Online shopping has a permanently higher base post-pandemic, which bodes well but investors are anxious for signs of more scores on the doors and want to see more partners being brought on board.

 

Next, full-year results, Wednesday 29 March

Aarin Chiekrie, equity analyst

Next’s last trading update gave the group plenty to cheer about. Sales over the Christmas period were better than expected. In the nine weeks to 30 December, full-price sales were up 4.8% on last year, with retail sales driving most of the uplift.

This impressive festive trading led the group to upgrade its full-year profit guidance by 4.5%, now expected to come in at £860m when the group reports next week.

While these numbers are commendable, given the challenging environment for retailers, it’s important not to lose sight of the challenges ahead. To cope with rising costs, Next is raising prices.

With the group set to pass on 6-8% cost inflation, there is a question mark over whether consumers can stomach these hikes.

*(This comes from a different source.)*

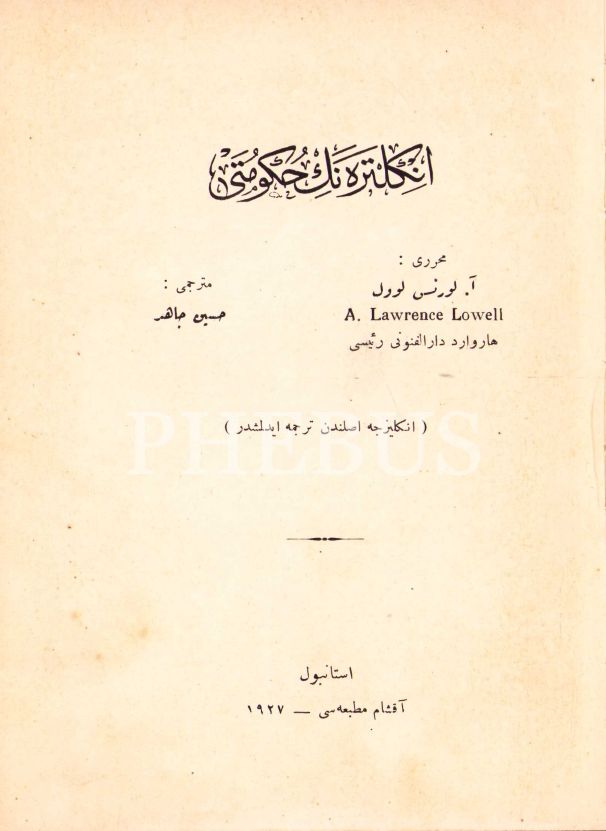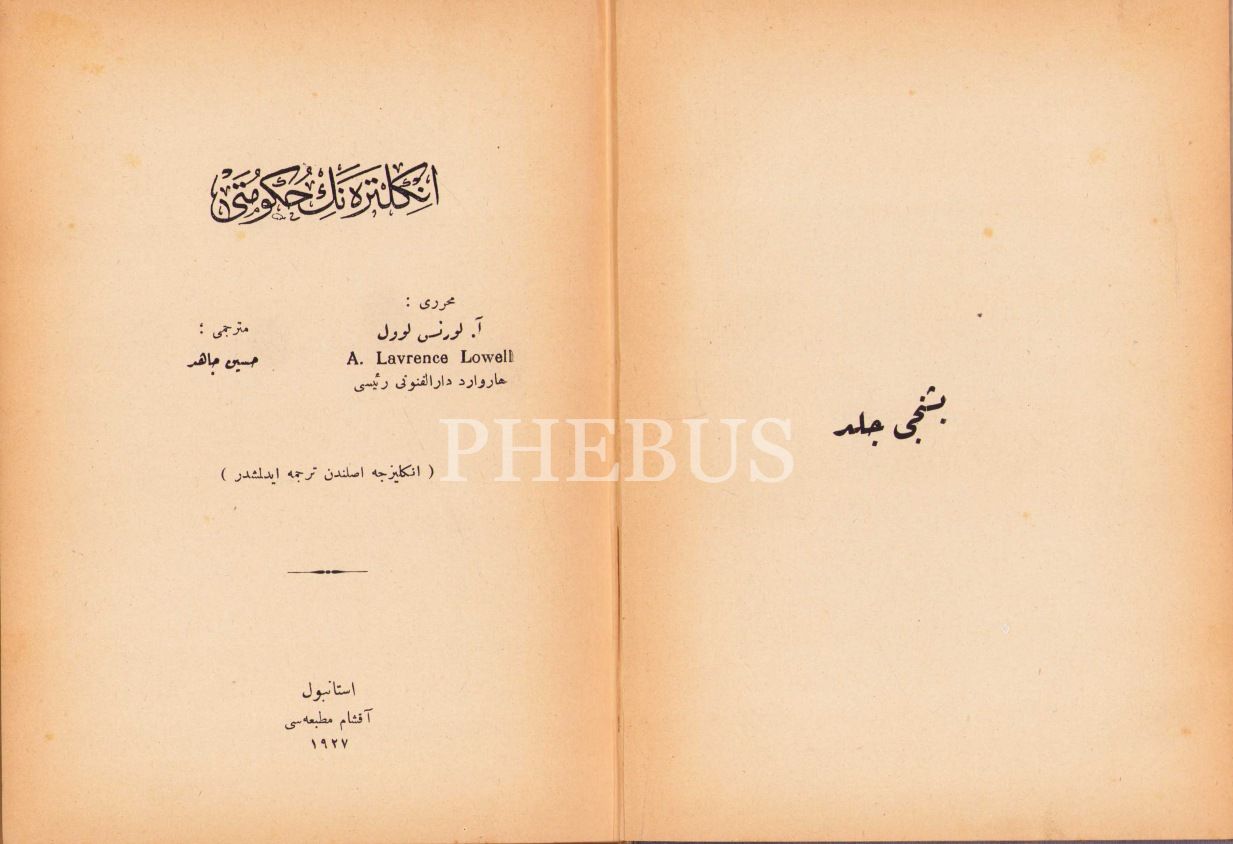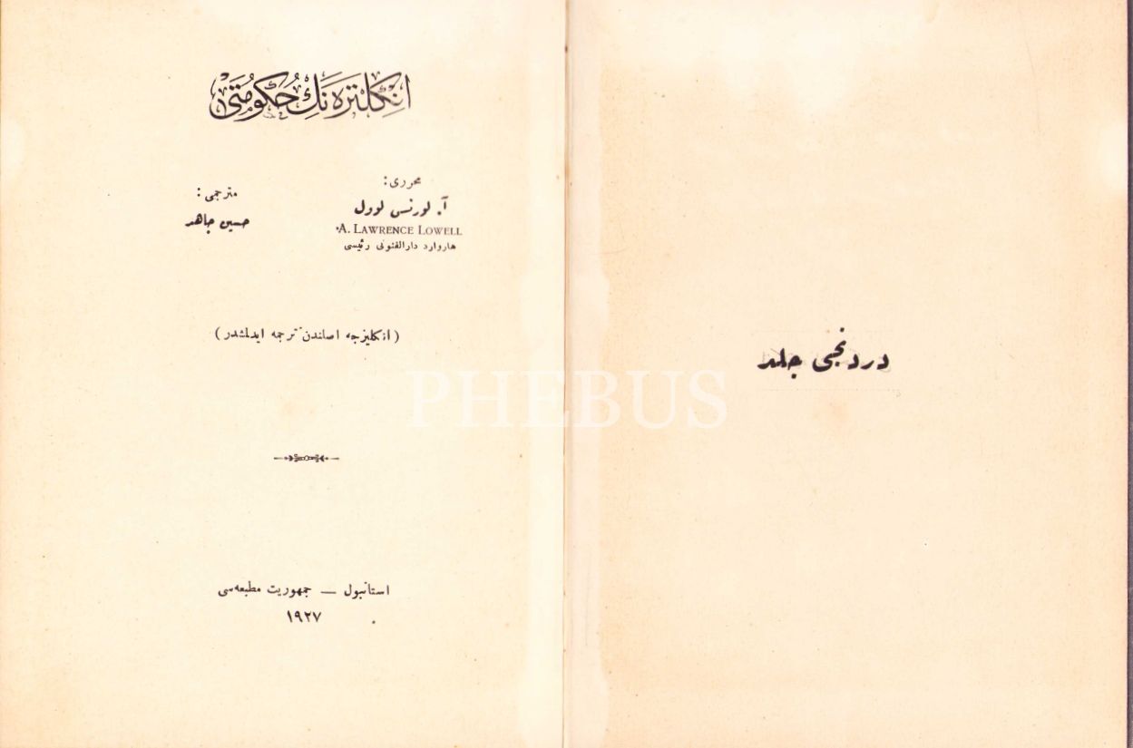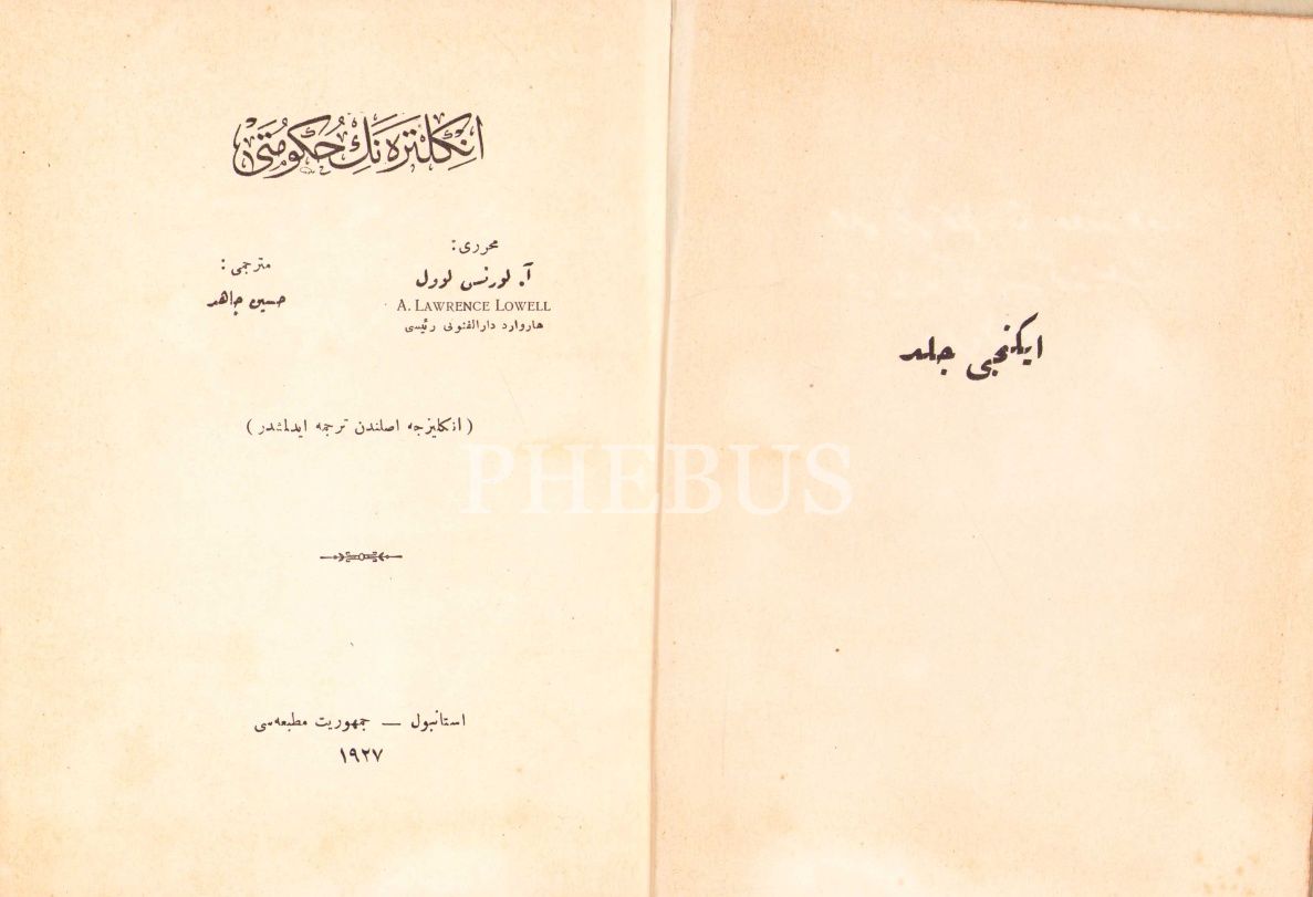 Osmanlıca İngiltere'nin Hükûmeti [5 cilt], A. Lawrance Lowell, çev. Hüseyin Câhid, Ahmed İhsan, Cumhuriyet, Akşam Matbaaları, İstanbul 1927, ciltler hâliyle, 14x20 cm

If not, we could see sales drop. The group’s position as a middle-of-the-road retailer means its customers could slide down the value chain rather than fork over a little more.”

 

Moonpig Group, trading statement, Thursday 30 March

Susannah Streeter, head of money and markets:

Moonpig flew out of FTSE 250 as the last reshuffle, relegated to the FTSE Small Cap after it was lashed by multiple headwinds.

Consumers have been shifting their buying behaviour amid the cost-of-living crisis, buying fewer lucrative add-ons to card purchases and with inflation heading up again in February, this tougher environment may be here to stay for some time.

There is also uncertainty about how long the threat of fresh Royal Mail strikes will linger, as walk-outs hit hard around Christmas and customers shied away from buying premium cards if delivery could not be guaranteed.

Moonpig's wings have been clipped and investors will need to see signs of meaningful growth returning before they feel reassured.